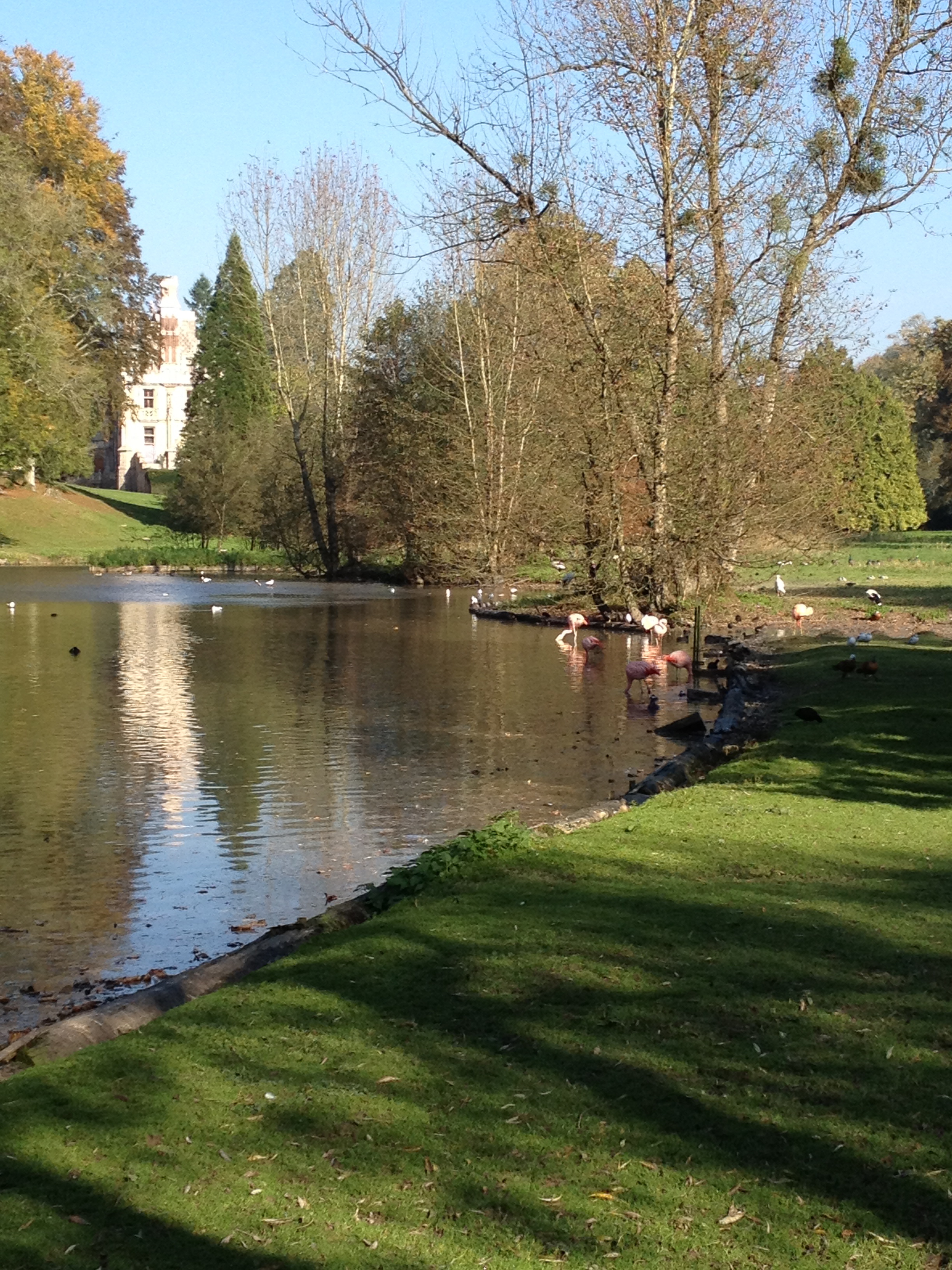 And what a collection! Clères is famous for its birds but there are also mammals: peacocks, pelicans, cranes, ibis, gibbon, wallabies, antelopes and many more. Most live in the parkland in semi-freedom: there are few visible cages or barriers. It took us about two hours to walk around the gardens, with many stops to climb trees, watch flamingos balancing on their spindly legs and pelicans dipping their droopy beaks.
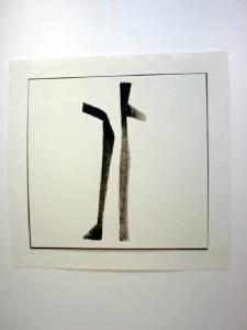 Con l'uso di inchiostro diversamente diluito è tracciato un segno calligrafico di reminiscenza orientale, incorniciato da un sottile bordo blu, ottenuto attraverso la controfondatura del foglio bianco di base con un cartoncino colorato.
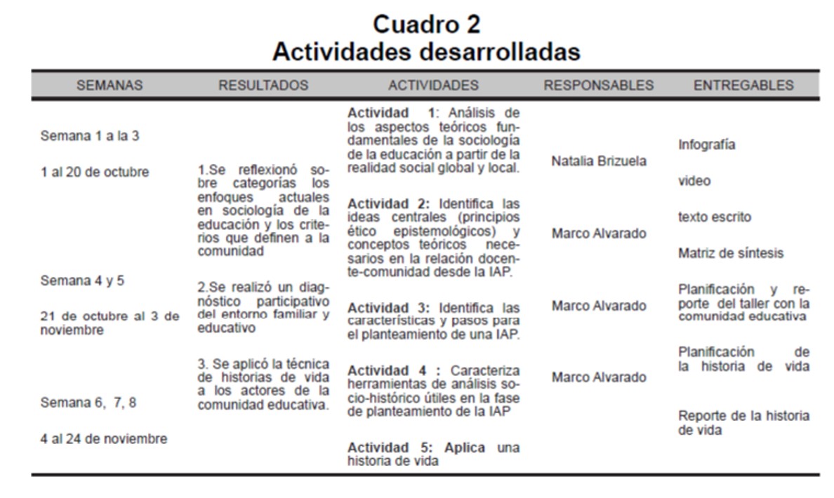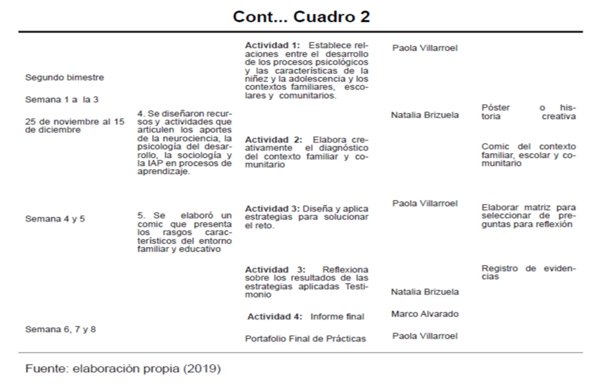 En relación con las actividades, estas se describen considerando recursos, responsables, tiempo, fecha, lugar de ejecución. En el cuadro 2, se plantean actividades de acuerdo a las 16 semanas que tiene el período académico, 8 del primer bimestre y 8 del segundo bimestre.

■ **ASSIGNMENT**:
The data above must be reproduced exactly, without any of its pictures.

■ **FINISHED TASK**:
 And what a collection! Clères is famous for its birds but there are also mammals: peacocks, pelicans, cranes, ibis, gibbon, wallabies, antelopes and many more. Most live in the parkland in semi-freedom: there are few visible cages or barriers. It took us about two hours to walk around the gardens, with many stops to climb trees, watch flamingos balancing on their spindly legs and pelicans dipping their droopy beaks.
 Con l'uso di inchiostro diversamente diluito è tracciato un segno calligrafico di reminiscenza orientale, incorniciato da un sottile bordo blu, ottenuto attraverso la controfondatura del foglio bianco di base con un cartoncino colorato.
 En relación con las actividades, estas se describen considerando recursos, responsables, tiempo, fecha, lugar de ejecución. En el cuadro 2, se plantean actividades de acuerdo a las 16 semanas que tiene el período académico, 8 del primer bimestre y 8 del segundo bimestre.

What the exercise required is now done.